According to the Communiqué issued and signed by the NGF Chairman, Governor AbdulRahman AbdulRazaq of Kwara State, the governors during the high-level meeting expressed support for a revised Value Added Tax (VAT) sharing formula to ensure equitable distribution of resources on 50% based on equality, 30% based on derivation and 20% based on population.
The governors also agreed that there should be no increase in the VAT rate or reduction in Corporate Income Tax (CIT) at this time to maintain economic stability.
The Communiqué reads: “We, members of the Nigeria Governors’ Forum (NGF) and presidential tax reform committee, convened on the 16th of January 2025 to deliberate on critical national issues, including the reform of Nigeria’s fiscal policies and tax system, and arrived at the following resolutions:
“The Forum reiterated its strong support for the comprehensive reform of Nigeria’s archaic tax laws.

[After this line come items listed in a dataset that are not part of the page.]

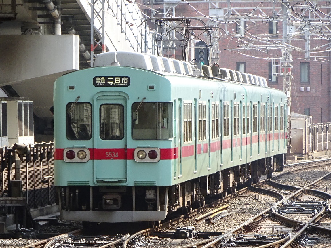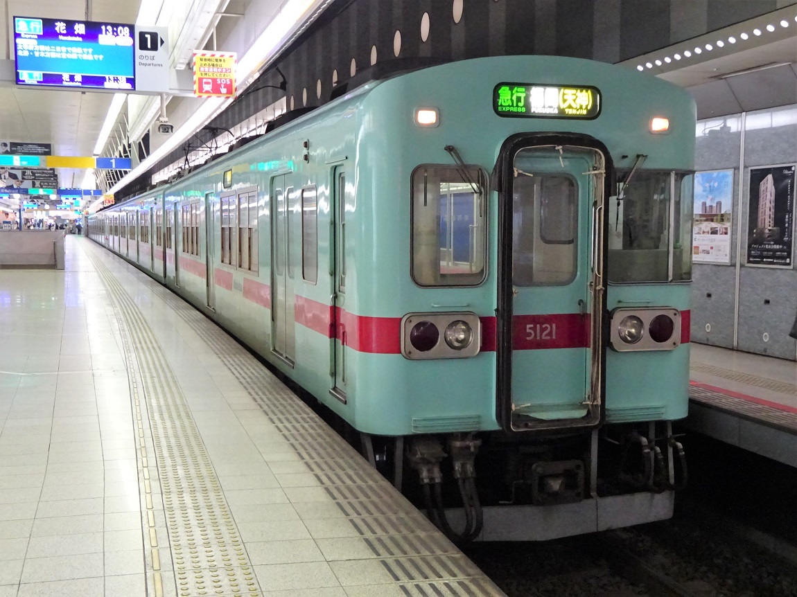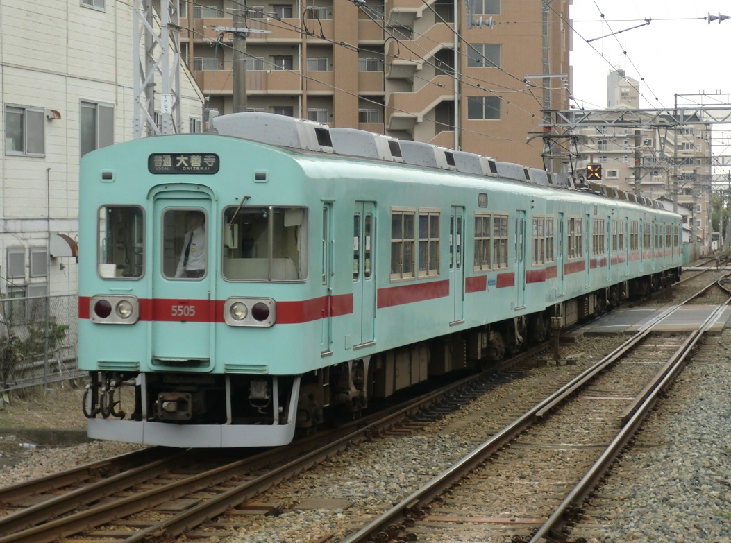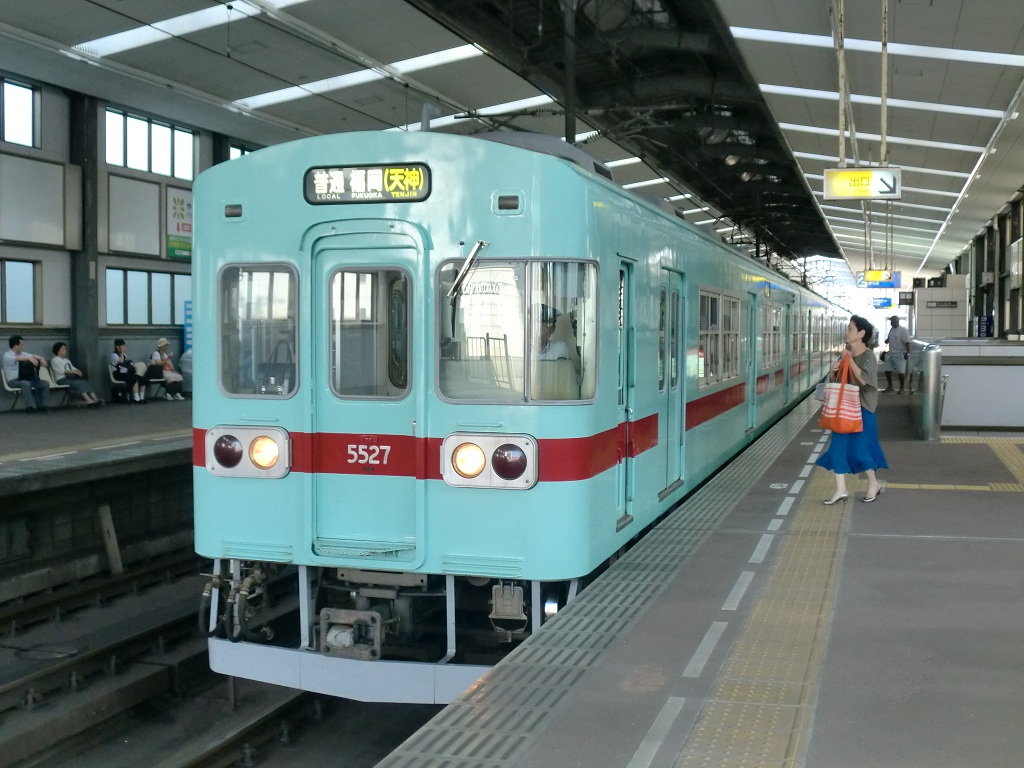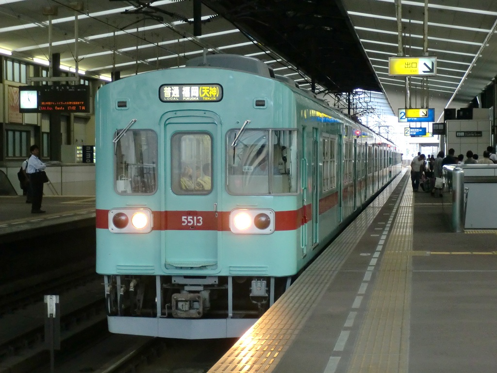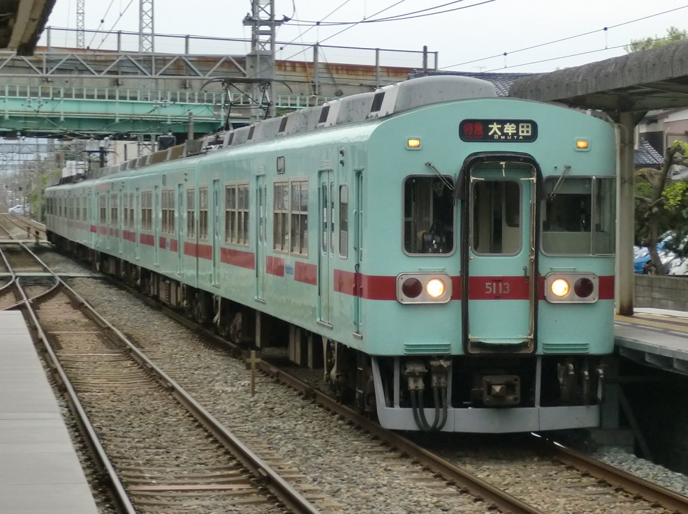 1975年から導入された19m3扉車で、本線系統の主力車となっています。現在貝塚線で1本だけ活躍している313形も元々は本線で活躍していた車両であり、5000形はそれらを代替するために導入されました。これによって車両の大型化が図られたことになります。置き換えるべき車両が多かったことから1991年までの長期にわたって製造されています。1990年代にこれが導入されていたというのは何だか不思議でもありますが、それだけ使いやすい車両だったのかもしれません。 デザインは基本的に前に導入された600形を元にしているものの、標識灯がさらに大きくなり、運転台側の前面窓がパノラミックウィンドウになったのが大きな変更点。2022年現在の本線系統では最も古い車両ですが、特急運用にも多く用いられており、他のツーマン運用の車両と運用上の区分はありません。2016年に9000形が登場したことで置き換えが始まってはいるものの、その速度ものんびりとしており、今しばらくはその姿を見ることが出来そうです。 上写真は5113F(小郡にて) |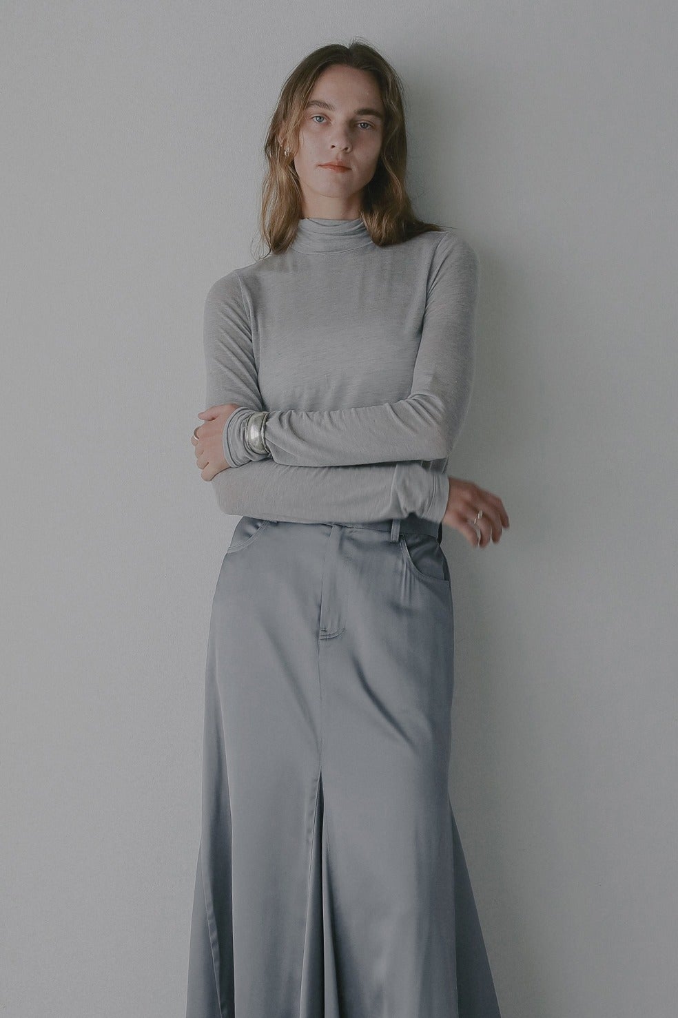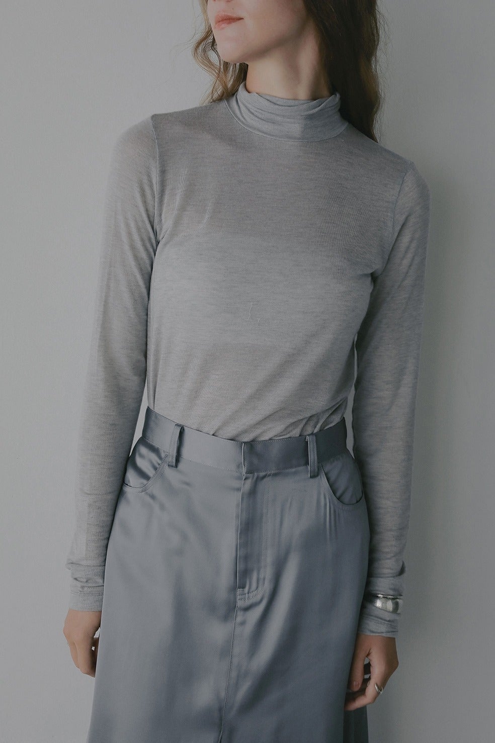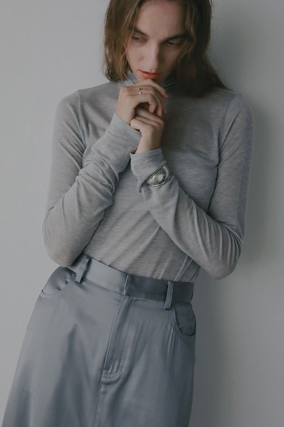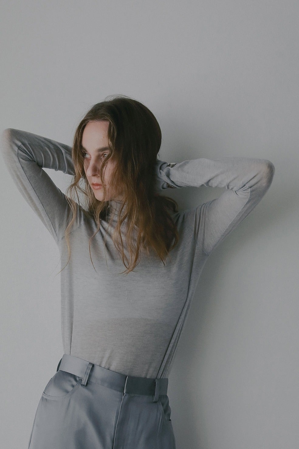 カシミヤとシルクを贅沢にブレンドした、極上の肌触りの上質な素材感のハイネックカットソー。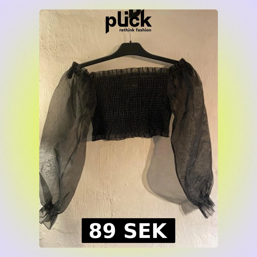 Trendig svart offshoulder topp från NA-KD med smockad kropp och transparenta, vida långärmar i mesh. Perfekt för dig som vill sticka ut med en cool och luftig look. Snygg croppad passform och elastisk överdel för extra komfort. Aldrig använd.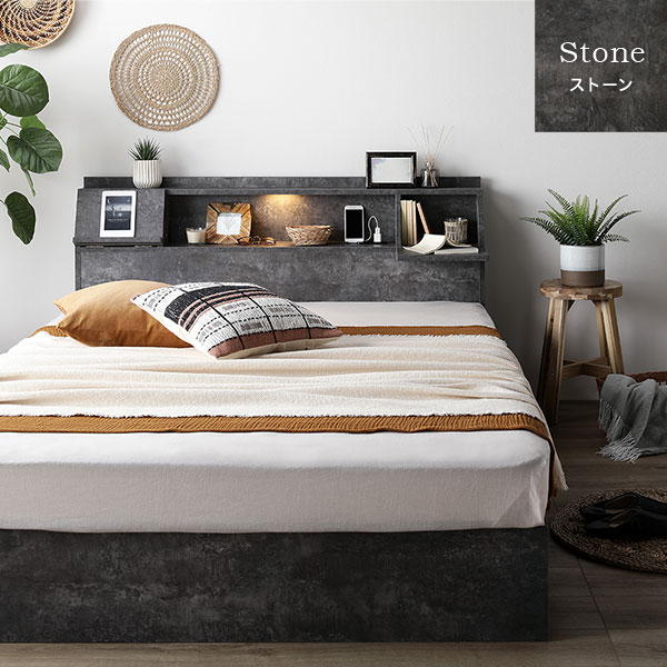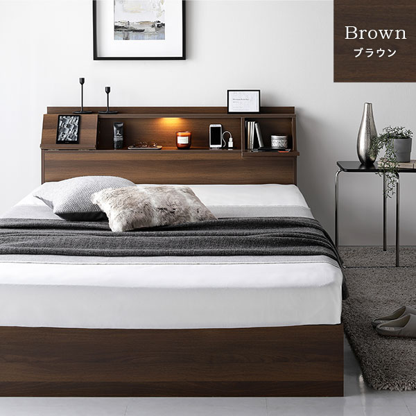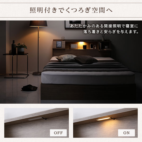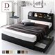 ベッド ダブル 3ゾーンポケットコイルマットレス付き ブラック フラップ扉 照明付 収納付 棚付 宮付 コンセント付
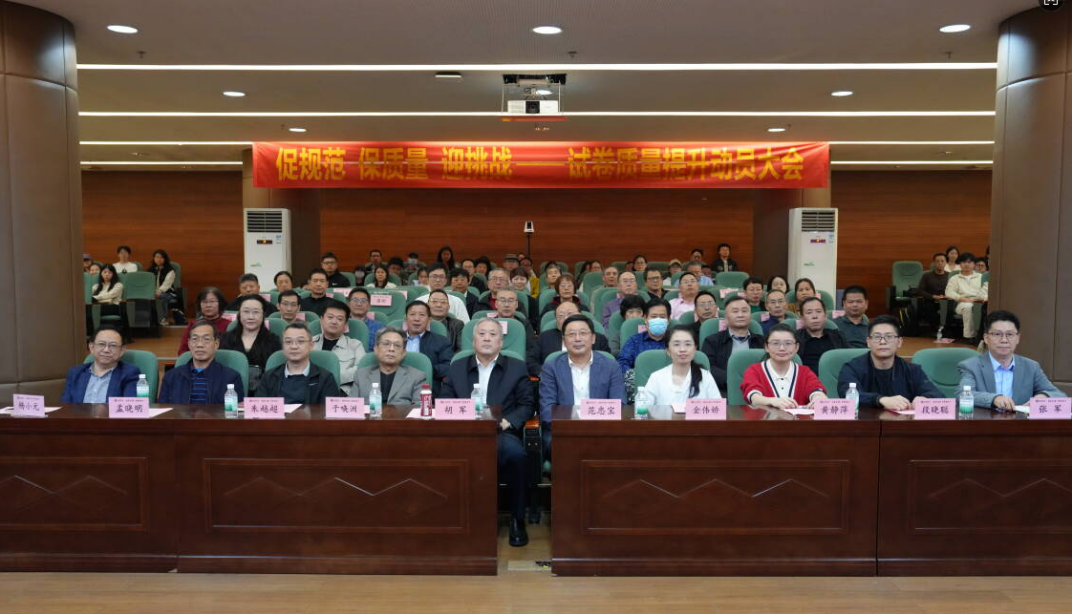 教务处处长金伟娇作专题报告,围绕“形势与问题”“体系与标准”“行动与号召”三个维度展开阐述。她提到,试卷质量直接反映教学大纲执行力、命题科学性和教学反思深度,是合格评估的核心观测点,明确命题双向细目表设计、题型多样化搭配、平时成绩过程管理、参考答案与评分标准制定、试卷评阅规范等关键环节的具体要求,并对校院两级动员培训、节点式管理、专项检查等后续工作进行部署。

“Members acknowledged the importance of modernizing the tax system to enhance fiscal stability and align with global best practices.
“The Forum endorsed a revised Value Added Tax (VAT) sharing formula to ensure equitable distribution of resources: 50% based on equality, 30% based on derivation, and 20% based on population.”
The communique further read: “The Forum advocated for the continued exemption of essential goods and agricultural produce from VAT to safeguard the welfare of citizens and promote agricultural productivity.”
The stakeholders also recommended that there should be no terminal clause for TETFUND, NASENI, and NITDA in the sharing of development levies in the bills.
“The meeting supports the continuation of the legislative process at the National Assembly that will culminate in the eventual passage of the Tax Reform Bills,” it said.
Meanwhile, members of the Academic Staff Union of Universities (ASUU), Bauchi zone have called on the speaker of the House of Representatives, Honourable Tajudeen Abbas, to halt further debate regarding the Tax Reform Bill, claiming it portends danger to the sanctity of the TETFund Act 2011.
Zonal chairman of the union, Professor Namu Timothy, who made call while addressing newsmen at the ASUU secretariat, University of Jos, cautioned the Federal Government to jettison any calculated attempt of replacing Tertiary Education Trust Fund (TETFund) with the Nigeria Education Loan Fund (NELFund).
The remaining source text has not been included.